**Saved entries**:
----------

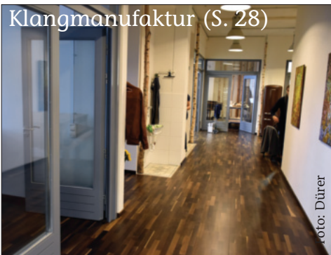
Klangmanufaktur (S. 28)
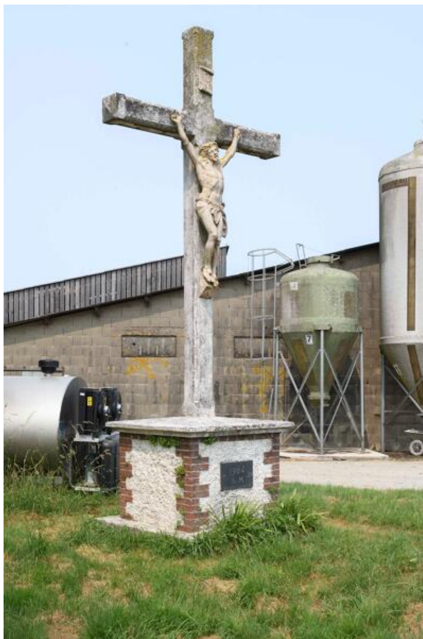
Croix de chemin de la Bonnière.
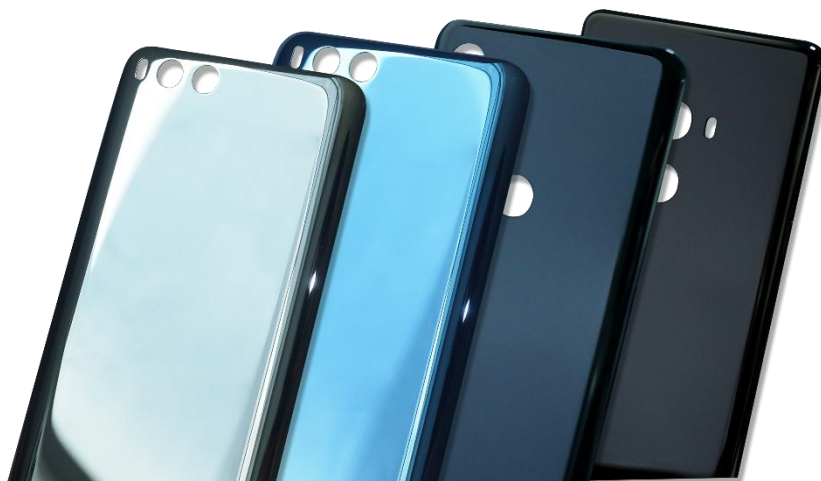
图为手机陶瓷后盖，源自公司内部资料

2018年，在市场需求以及国家政策大力推动下，5G建设及商用化进一步加速。5G技术商业应用极其广泛，从娱乐到物联网，再到云服务行业，5G的建设拉动产业链的需求增长。受益于5G建设，光通信市场持续保持平稳增长，公司相关产品销售规模继续得以提升。报告期内，公司不断提升手机陶瓷后盖产品的工艺技术，并召开了“三环火凤凰2.0发布会”，推出了主打新颜色、新工艺、新效果的迭代升级版“三环火凤凰2.0”陶瓷材料，在同等级结构下，“火凤凰2.0”陶瓷的重量比以前可减轻30%左右，在工艺效果及颜色方面都取得了新的突破，为客户提供更多样化的产品设计方案。
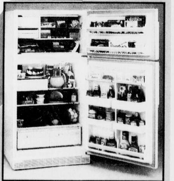
RÉFRIGÉRATEUR Inqlis 18 pi cu. 799$
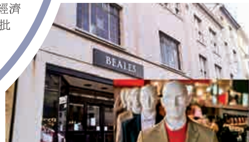
▲ 遭盜竊的英國百貨公司「Beales」

這起案件被認為是一場「精心策劃的犯罪」。警方呼籲知情者提供任何信息。店員則表示，難以想像這些盜賊們能跟那些人體模特站在一起，一整天都紋絲不動，「不能打噴嚏，感到癢癢也不能抓。」
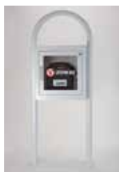
AED kast op vloerstandaard met alarmsignaal

1,3 m, 35,6 cm x 44,2 cm hoog x 17,8 cm diep 11210-000028 (White) 11210-000029 (grijs)
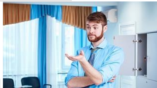
Отдел сервисов поддержки иностраннных студентов и специалистов
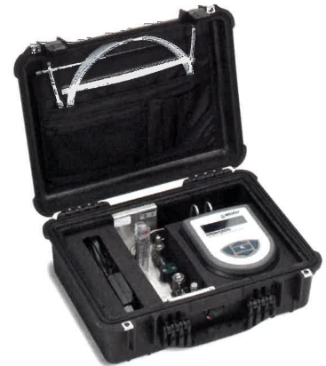
MDM300 サンプリング・システム 一体型ケース組込仕様
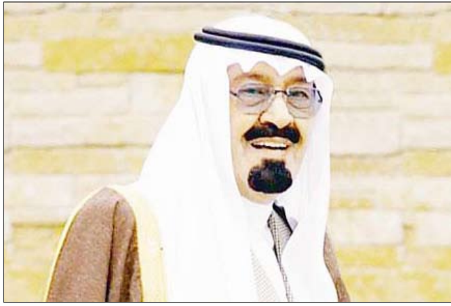
الملك عبدالله بن عبد العزيز
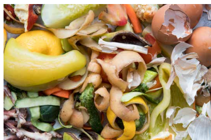
Déploiement des dispositifs de tri des biodéchets - P. 8

----------

Write out the lines beginning at the line with "MDM300 サンプリング・システム 一体型ケース組込仕様" and ending at the last line of the entries. Include no pictures.

MDM300 サンプリング・システム 一体型ケース組込仕様
الملك عبدالله بن عبد العزيز
Déploiement des dispositifs de tri des biodéchets - P. 8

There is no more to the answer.